Following this, Johnson told reporters that he was “reassured by talking to EU partners over the last few months that they don’t want to see blockades”.

The Prime Minister also issued a stark warning regarding the rise in cases on the continent, commenting that “people in [the UK] should be under no illusions that previous experience has taught us that when a wave hits our friends, I’m afraid it washes up on our shores as well”.

“I expect we will feel those effects in due course.

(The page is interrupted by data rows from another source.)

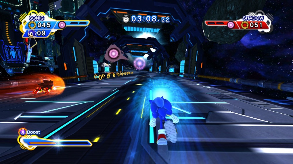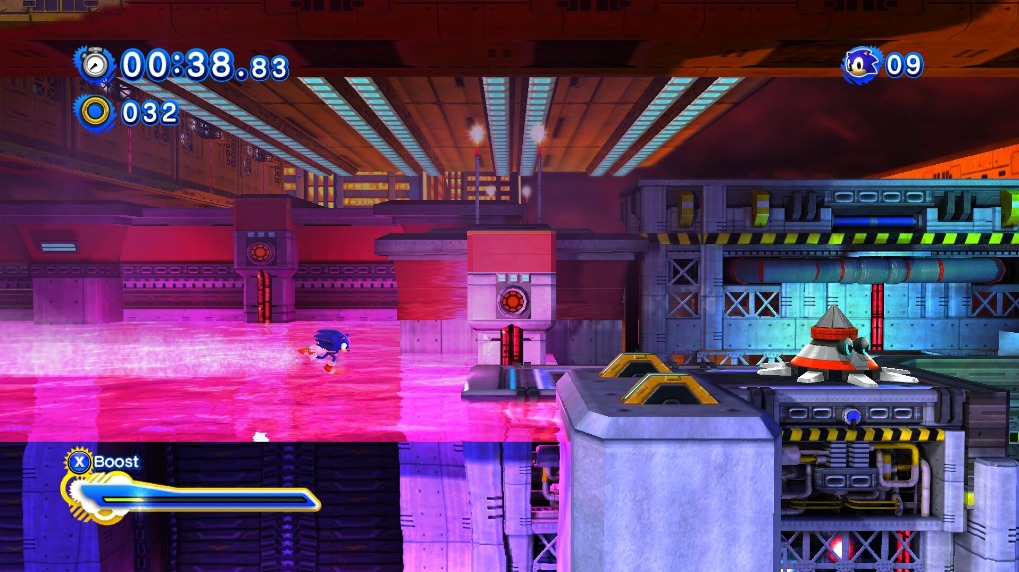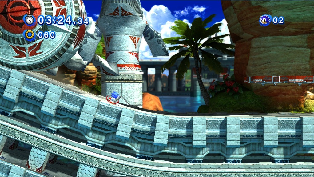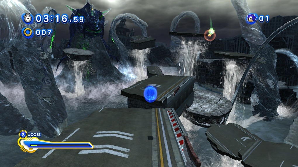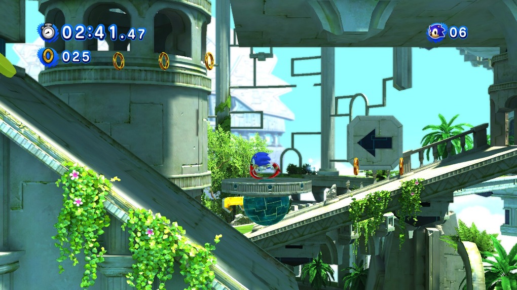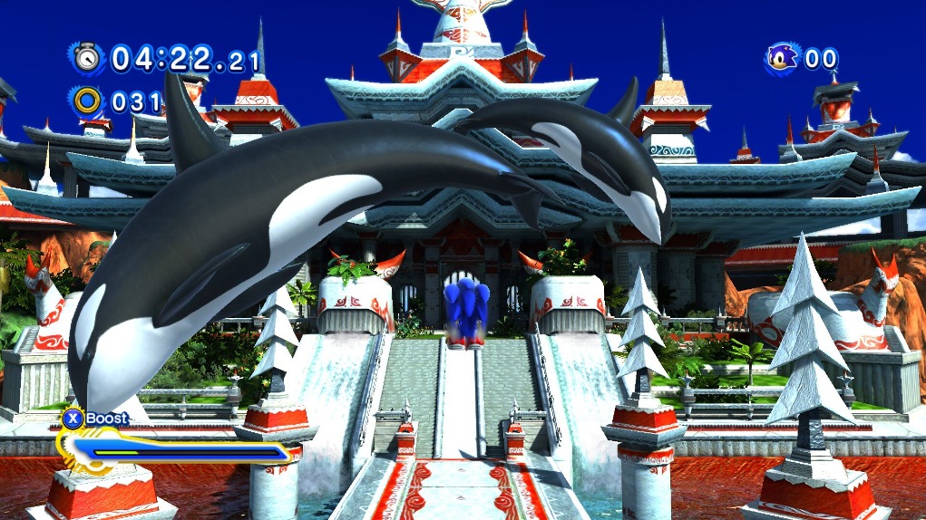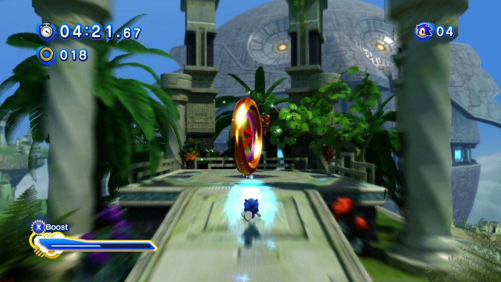 Act One of each level is the classic version, played by the smaller, less-experienced Sonic. Accurate to the time, Classic Sonic can charge up a spin-dash, but that’s about it; there’s no boost or homing attacks to be found, and while the environments Sonic moves through are rendered in beautiful 3D, Sonic can only move on a predetermined 2D plane. Act Two hands the reins to Modern Sonic, who explores equally visually-stunning 3D levels with a greater amount of control, the ability to boost through enemies and obstacles alike, and a reliable homing attack that can be used to destroy foes – often while using them to cross a gap or reach new areas – and also lock on to interactable targets in the environment, like springs or pulleys. Because of this, Classic Sonic’s levels are easier in general, but during extended play sessions, it is a practically a guarantee that at some point, you will forget which Sonic you are controlling, and try to boost or launch a homing attack as Classic Sonic to no avail, or try to charge up a spin-dash as Modern Sonic and end up boosting yourself directly into a pit.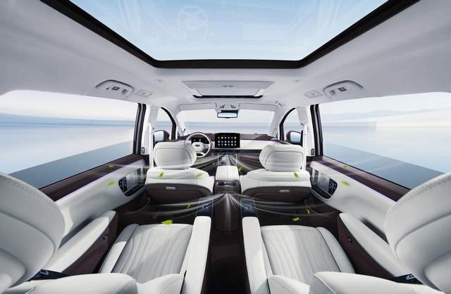 全车93处声学包+5块双层隔音玻璃、米其林静音轮胎等,怠速噪音低于图书馆标准,120km/h时速下后排交谈依然清晰,关上车门,就是另一个世界。17.3英寸高清吸顶屏,后排秒变家庭影院;智能冷暖冰箱(-6℃~50℃),夏天冰镇饮料,冬天保温热饮;400mm超低地台(比同级低50mm)、549mm两级长扶手,老人、孩子甚至穿裙装的女士都能从容上下车。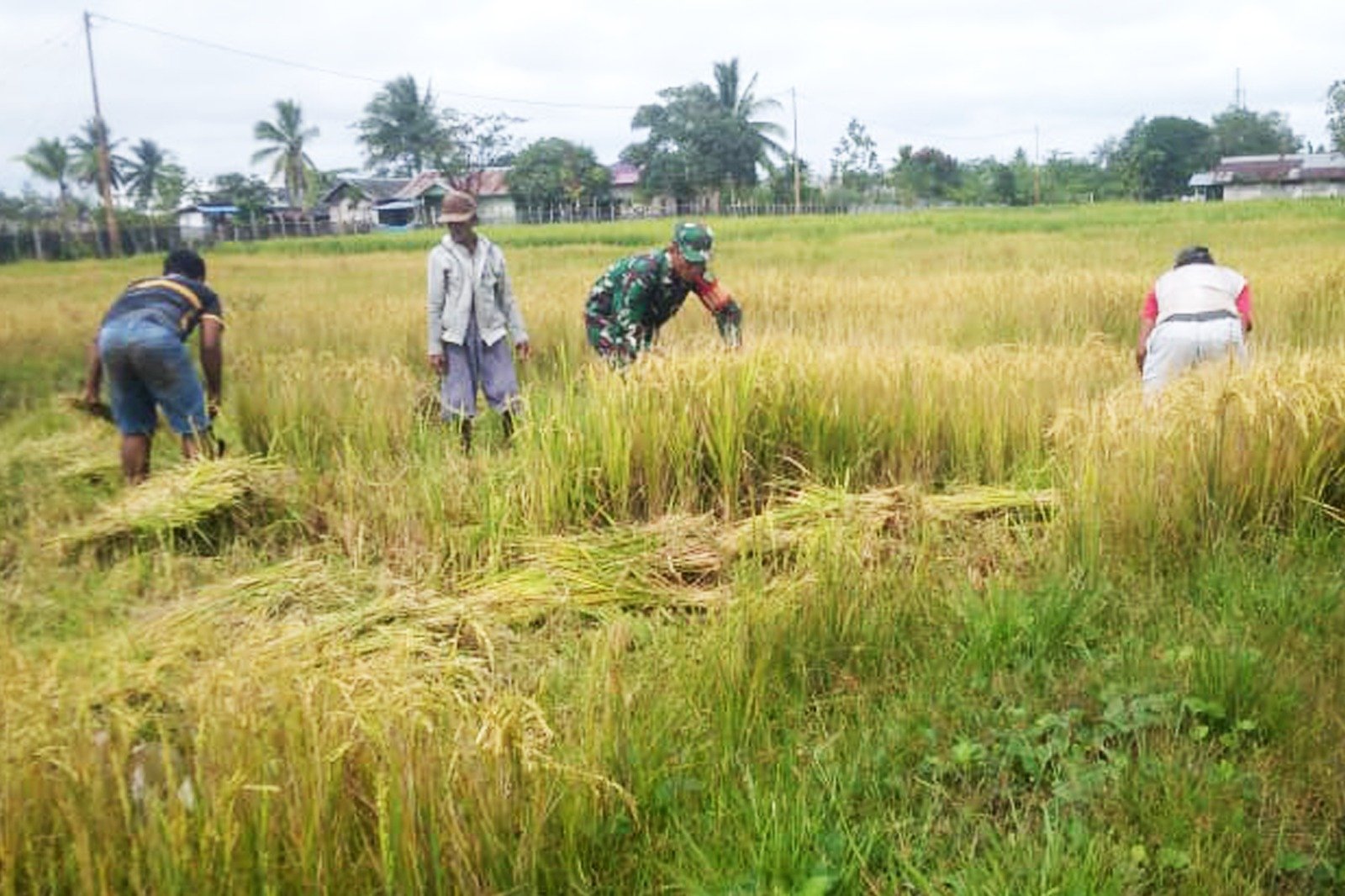 Merauke – Semangat kebersamaan antara TNI dan Masyarakat kembali terlihat nyata di Kampung Metaat Makmur, Distrik Elikobel, Kabupaten Merauke – Provinsi Papua Selatan. Pada Minggu (08/02/2026) pukul 08.00 WIT, Sertu Didik Wahyudi, Babinsa Koramil 1707-07/Elikobel Kodim 1707/Merauke, terjun langsung membantu warga memanen padi di lahan pertanian setempat.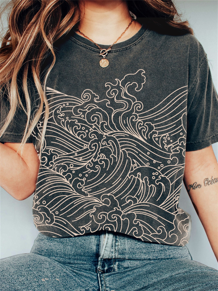 Sea Waves Japanese Art Vintage Washed T Shirt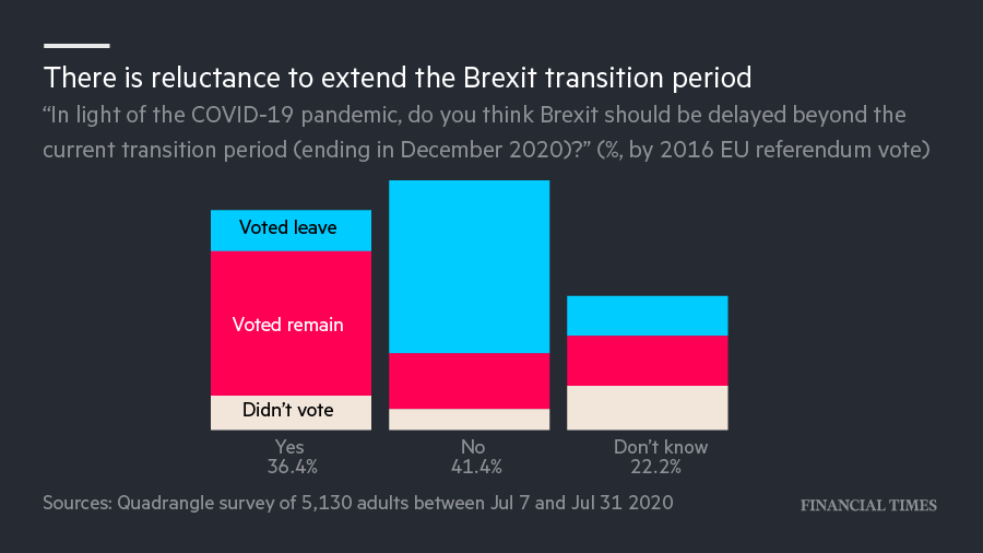 🇬🇧 Even as the Brexit deadline looms at the end of December, and a no-deal divorce looks more likely as trade negotiations stall, 41% of Britons oppose extending the UK’s transition period — including 20% of those who voted Remain in the 2016 EU referendum ft.com/content/c42de5…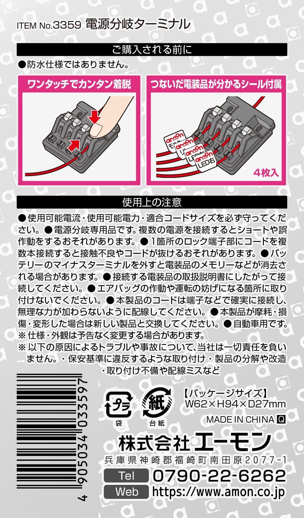 エーモン(amon) 電源分岐ターミナル DC12V・120W以下/DC24V240W以下 3359 黒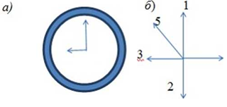 Центростремительное ускорение конца часовой стрелки в положении, изображённом на (рис а), направлено по стрелке (рис б).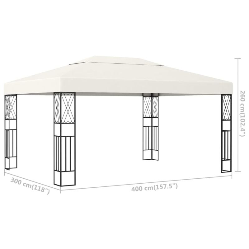 Тази просторна шатра ще бъде елегантно допълнение към вашето външно жилищно пространство, като същевременно предостави на семейството и гостите ви сянка при слънчеви дни. Конструираният с възможност за вентилация покрив няма да позволи слънцето и дъждовете да развалят забавленията по време на семейни събирания, барбекюта, следобедни пикници и рождени дни. Шатрата има здрава стоманена конструкция с декоративни кръстосани детайли и полиестерен покрив. Навесът може лесно да се закрепи към рамката на шатрата. ЗАБЕЛЕЖКА: Този продукт НИКОГА не трябва да се използва при лошо време, като бурен вятър, силен дъжд, сняг, буря и т.н.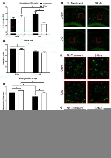 Hippocampal microglia were quantified within the sub-pyramidal area of CA1 for each condition (n = 5–7/group). (A) SAMe treatment in DIO mice significantly reduced microglia density within the CA1, compared to Chow + SAMe and untreated DIO counterparts. (B) Representative confocal images of hippocampal microglia. (C) Somal area of microglia were measured. DIO significantly reduced the cell body size of microglia. (D) Representative confocal images of microglial morphology. (E) Both DIO and SAMe affected the number of microglia branches. (F) Representative high contrast images. (G) Transforming Growth Factor beta 1 (TGFb1) was measured by qPCR (n = 4–5/group) using hippocampal samples. SAMe treatment significantly increased TGFb1 expression in Chow mice. *: Significant difference.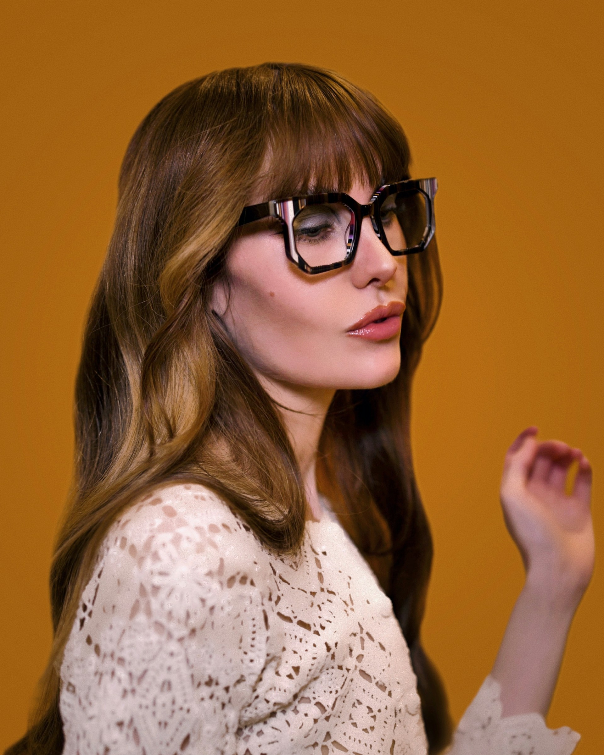 黒縁など存在感のあるフレームが調和します。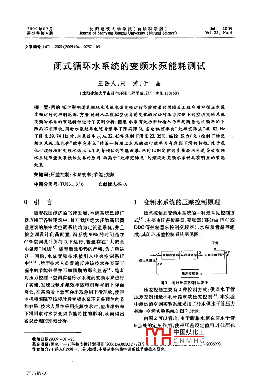 2009年07月沈陽建筑大學(xué)學(xué)報(自然科學(xué)版)Jul. 2009第25卷第4期Joumal of Shenyang Jianzhu University ( Natural Science)Vol.25, No. 4文章編號:1671 -2021(2009)04 -0757 -05閉式循環(huán)水系統(tǒng)的變頻水泵能耗測試王岳人,宋濤,于晶(沈陽建筑大學(xué)市政與環(huán)境工程學(xué)院,遼寧沈陽110168)摘要:目的 探討影響閉式循環(huán)水系統(tǒng)水泵變頻運行節(jié)能效果的原因及工程應(yīng)用中循環(huán)水泵變頻運行的控制范圍.方法通過人工模擬空調(diào)負(fù)荷變化的方法對壓力控制下的空調(diào)實驗系統(tǒng)變頻冷水泵的節(jié)能特性進(jìn)行了實測分析.結(jié)果水泵有效功率和輸入功率均隨著電機頻率的下降而不斷降低,同時水泵效率也隨著頻率下降而降低.當(dāng)電機頻率由“效率突降點"40.82 Hz下降至39.74 Hz時,水泵效率η,從32.43%急劇下滑至23.05%.結(jié)論壓力(差)控制下的變頻水系統(tǒng),在包含“效率突降點”的某一頻段上水泵的運行效率具有急劇下滑的特性.處于或低于該頻段時變頻水泵往往不具備預(yù)估的節(jié)能效果.同時比例定律的直接套用也是導(dǎo)致變頻水系統(tǒng)節(jié)能效果預(yù)估失真的原因.而高于“效率突降點”的頻段時變頻水系統(tǒng)具有明顯的節(jié)能效果.關(guān)鍵詞:壓差控制;水泵效率;節(jié)能;變頻中圖分類號:TU831.3*6文獻(xiàn)標(biāo)志碼:A0引言1變頻水系統(tǒng)的壓差控制原理隨著我國經(jīng)濟的飛速發(fā)展,空調(diào)系統(tǒng)已經(jīng)廣壓差控制是變頻水系統(tǒng)的-一種最常見控制方泛應(yīng)用于各種建筑中.目前我國絕大多數(shù)高層商式[1] ,主要由壓差傳感器、變頻器(部分由PLC或業(yè)建筑的集中式空調(diào)系統(tǒng)均為定流量系統(tǒng),并且DDC等控制器來控制變頻器)、水泵及管路等組按空調(diào)設(shè)計負(fù)荷配置,而系統(tǒng)90%的時間是在成.其閉環(huán)壓差控制系統(tǒng)圖見圖1.65%空調(diào)設(shè)計負(fù)荷以下運行,普遍存在“大流量干找小溫差"問題['.隨著能源形勢的嚴(yán)峻,為了解決↓這一問題,水泵變頻技術(shù)被引入中央空調(diào)系統(tǒng)--交頻控制器冷陳水第二一空調(diào)末端用戶個中1-3] ,然而技術(shù)人員普遍反映該技術(shù)在實際工設(shè)定壓差值f4sP程中的節(jié)能效果并不如預(yù)期的那么顯著(4].筆者壓差傳感器對壓力控制下空調(diào)實驗冷水系統(tǒng)的變頻水泵進(jìn)行圄1閉環(huán)壓差控制系統(tǒng)圖了實測,發(fā)現(xiàn)變頻水泵效率隨電機頻率的下降而降低,在某頻段上效率會出現(xiàn)急劇下滑現(xiàn)象,使得壓差控制主要有2種控制方式:供回水干管電機頻率降至該頻段后變頻水泵不具備預(yù)估的節(jié)壓差控制和最不利環(huán)路末端壓差控制(6] ,本實驗?zāi)苄Ч?技術(shù)人員在采用變頻技術(shù)時,應(yīng)考慮效率中測試的空調(diào)實驗系統(tǒng)采用了冷水供水干管壓力下滑因素對水泵變頻節(jié)能特性的影響,從而得出控制,空調(diào)實驗系統(tǒng)如圖2所示.由圖2可以看出,由于膨脹水箱在回水干管客觀合理的預(yù)測分析.b點處的定壓作用,使得壓差設(shè)定值可近似簡化中國煤化工基金項目:國家+一五科技支撐計劃項目(2006DAJ02A12);遼寧收稿日期:2009 -02 -23.MHCNMHG_- 20090作者簡介:王岳人(1956一),男,教授,主要從事供熱空調(diào)系統(tǒng)節(jié)能技術(shù)研究.758沈陽建筑大學(xué)學(xué)報(自然科學(xué)版)第25卷為供水千管恒壓點a處的壓力設(shè)定值,系統(tǒng)中的泵性能曲線1。(工頻)與管網(wǎng)特性曲線的交點壓差傳感器也相應(yīng)地可簡化為壓力傳感器,故而M6.隨著室內(nèi)負(fù)荷下降,部分空調(diào)末端機組停止此實驗系統(tǒng)中供水千管的壓力控制實際上即是供運行,管路系統(tǒng)中電動二通閥的開度相應(yīng)減小,系回水干管壓差控制.統(tǒng)阻力增加,管網(wǎng)特性曲線由S。變化至S.負(fù)荷變化過程中,水泵的運行工況點在干管壓力控制目脹水箱下沿等壓力線P=P。(等壓差線)由M。變化至M,水泵電機轉(zhuǎn)速由額定轉(zhuǎn)速no變化至n;,流量測點由Qo減小至Q.水泵有效功率與其流量關(guān)系(”壓力變送器為除幫C J99調(diào)N, =yQH=Q(Po-Pb),(1)冷水機組式中:N。為水泵有效功率,kW;r為水的重度,變頻器kg/m' 's;Q為水泵流量, m'/s;P為系統(tǒng)設(shè)計壓力,MPa;P,為系統(tǒng)定壓點b處的壓力,MPa.由式(1)可以看到,對于AP=(Po-P,)為常圖2空調(diào)實驗系統(tǒng)當(dāng)空調(diào)負(fù)荷變化時,由于相應(yīng)管路上控制閥數(shù)的定壓系統(tǒng),水泵的有效功率是與水泵流量成門開度的自動變化而引起供回水干管上壓差變化正比的.當(dāng)空調(diào)系統(tǒng)流量減小時水泵輸人功率也(供水壓力的變化) ,壓力傳感器采樣后將這一-變隨之相應(yīng)減小,從而達(dá)到水泵節(jié)能的目的.根據(jù)冷化傳送給變頻控制器,變頻控制器與預(yù)設(shè)的供水凍水泵的額定揚程,筆者將水泵的供水壓力P。設(shè)壓力值進(jìn)行比較后,產(chǎn)生輸出信號調(diào)節(jié)水泵電機為0.3MPa,水泵實際運行工況如圖4所示.從圖的運行頻率和轉(zhuǎn)速,從而實現(xiàn)改變水泵的流量來中可以看出,整個實驗過程中水泵揚程基本穩(wěn)定在定值H=27 m處.適應(yīng)空調(diào)的負(fù)荷變化.2壓力控制下變頻水泵的節(jié)能分析,-++"+2s

That’s why we’re getting on with our vaccination programme as fast as we can,” said Johnson.

The issues of vaccine supply have caused the spotlight to fall on AstraZeneca’s (AZ) manufacturing plant in the Netherlands, which plans to produce doses of the company’s Oxford University-partnered vaccine.

According to the BBC, AZ has not formally applied for permission to deliver any shipment ‘imminently’ from the Dutch plant, run by Halix and based in Leiden.

“You have a UK production line which is producing exclusively for the UK, and AstraZeneca is significantly behind its deliveries to the EU and therefore it’s normal that we expect the plants based in the EU to be delivering to the EU customers,” said an EC official.

EU officials have said that AZ informed Brussels that the UK is using a clause in its supply contract to prevent vaccine exports until the British market is ‘fully served’, according to Reuters.

“The Brits are insisting that the Halix plant in the Netherlands must deliver the drug substance produced there to them. That doesn’t work. What is produced in Halix has to go to the EU,” an EU official told Reuters.

In the UK, health services have vaccinated a total of 26.8 million people between 8 December and 19 March – half of all adults in the country.